Would you expert grows check this learning/growing system out for me and tell me if it is worth the $47.00?  http://XXX.howtogrowweed420.com/ It is normally $57.00 and they emailed me a coupon for $10.00 off... I know is't a lot of info for that, but I don't know enough about the field, to know if their system is worth the time and effort for a newbie like me... I would appreciate any and all advice here guys! ...Thanks in advance...
Ok I changed the HHH to  XXX You will have to change it back when you get it to your search engine...


----------



## OGKushman (Apr 21, 2011)

Before we click on something that could compromise our saftey, gotta change that live link so we can copy and paste into browser.


----------



## Stone again! (Apr 21, 2011)

OGKushman said:
			
		

> Before we click on something that could compromise our saftey, gotta change that live link so we can copy and paste into browser.


 How do I do that?


----------



## Stone again! (Apr 21, 2011)

orangesunshine said:
			
		

> i am no expert---but common sense tells me if it is a book than buy it---"growing system" for $57 sounds like a scam---this is an expensive hobby---light bulbs alone can cost $75---your hard earned dough would probably be better spent elsewhere---lose your live link from www to xxx or something


I don't think it is a scam. You would have to take a look at it closer... I know nothing about the author/authors and if the are famous for their growing, or are they just sling manure around... ?
PS... I switched the HHH to an XXX as you requested, but you have to switch it back, when you get to your search engine... Thanks for you help...


----------



## Stone again! (Apr 21, 2011)

Does anybody recognize any of their names? Anybody?


----------



## smokingjoe (Apr 21, 2011)

I don't even need to look at that link to determine you'd be wasting your hard earned.  You will find everything in it and then some in the search feature of this very site.


----------



## Roddy (Apr 22, 2011)

This is the only knowledge I use, cost is right there in my range and the info is spot on in most cases!


----------



## Growdude (Apr 22, 2011)

Stone again! said:
			
		

> Would you expert grows check this learning/growing system out for me and tell me if it is worth the $47.00? http://XXX.howtogrowweed420.com/ It is normally $57.00 and they emailed me a coupon for $10.00 off... I know is't a lot of info for that, but I don't know enough about the field, to know if their system is worth the time and effort for a newbie like me... I would appreciate any and all advice here guys! ...Thanks in advance...
> Ok I changed the HHH to XXX You will have to change it back when you get it to your search engine...


 

Its just a dude selling a book, all that info is here and you can get "live support" here.
When I read his site it sounds scamish with claims of faster grows and bigger buds, but im sure there is some good info there that he probably got from here.

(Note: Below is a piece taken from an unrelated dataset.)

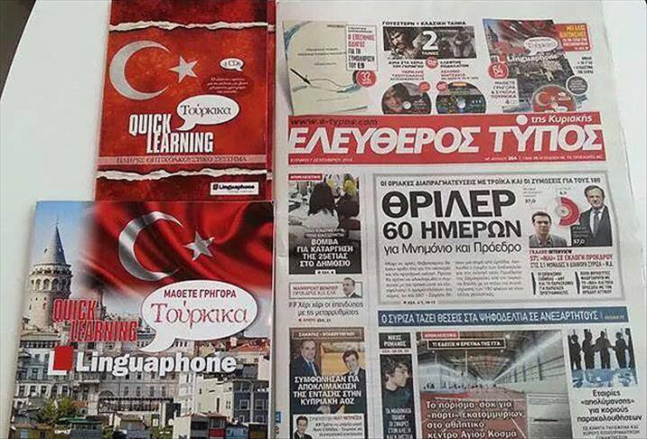 Atina’da yayınlanan yüksek tirajlı Elefteros Tipos gazetesi, hafta sonu sayısıyla birlikte okuyucularına promosyon olarak sesli ve görüntülü Türkçe öğretim seti verdi.
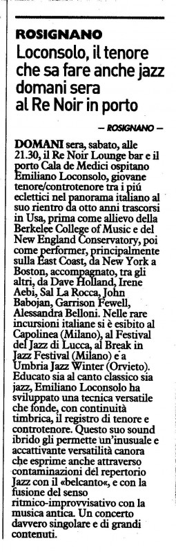 ROSIGNANO, domani sera, sabato, alle 21:30, il Re Noir Lounge Bar e il porto Cala de Medici ospitano Emiliano Loconsolo, giovane tenore/controtenore tra i piu’ eclettici nel panorama italiano al suo rientro da otto anni trascorsi in USA, prima come allievo del Berklee College of Music e del New England Conservatory, poi come performer, principalmente sulla east coast, da New York a Boston, accompagnato tra gli altri, da Dave Holland, Irene Aebi, Sal La Rocca, John Babojan, Garrison Fewell, Alessandra Belloni. Nelle rare incursioni Italiane si e’ esibito al Capolinea (Milano), al Festival del Jazz di Lucca, al Break in Jazz Festival (Milano) e a Umbria Jazz Winter (Orvieto).

$57.00 could build you a hydro system or get you a good start on a setup.


----------



## The Hemp Goddess (Apr 22, 2011)

Stone again! said:
			
		

> I don't think it is a scam. You would have to take a look at it closer... I know nothing about the author/authors and if the are famous for their growing, or are they just sling manure around... ?
> PS... I switched the HHH to an XXX as you requested, but you have to switch it back, when you get to your search engine... Thanks for you help...



It's a scam.  They say things on their web page that simply are not true.  There is NO way that anyone can give you EXACT yield numbers, like they are claiming.  There are simply too many variables.  There is no "magical formula".  You are not going to grow bud that is 10x better than what is at the dispensaries.  IMO, they are slinging poo.  

It also says something that none of us have even heard of this guy.  I have been growing off and on for over 30 years, and steadily for the last 12.  There are no shortcuts, no magic secrets, no super formulas.  Save your money for actual growing supplies and get your growing advise here.


----------



## Wetdog (Apr 22, 2011)

If you really want some books, here's two, though neither are really 'how to' books. Great reference though.

*Marijuana Botany* by Robert C. Clarke
This book is here on the site, but it is nice to have a hard copy. It's in the resources section, under 'BREEDING GUIDES'.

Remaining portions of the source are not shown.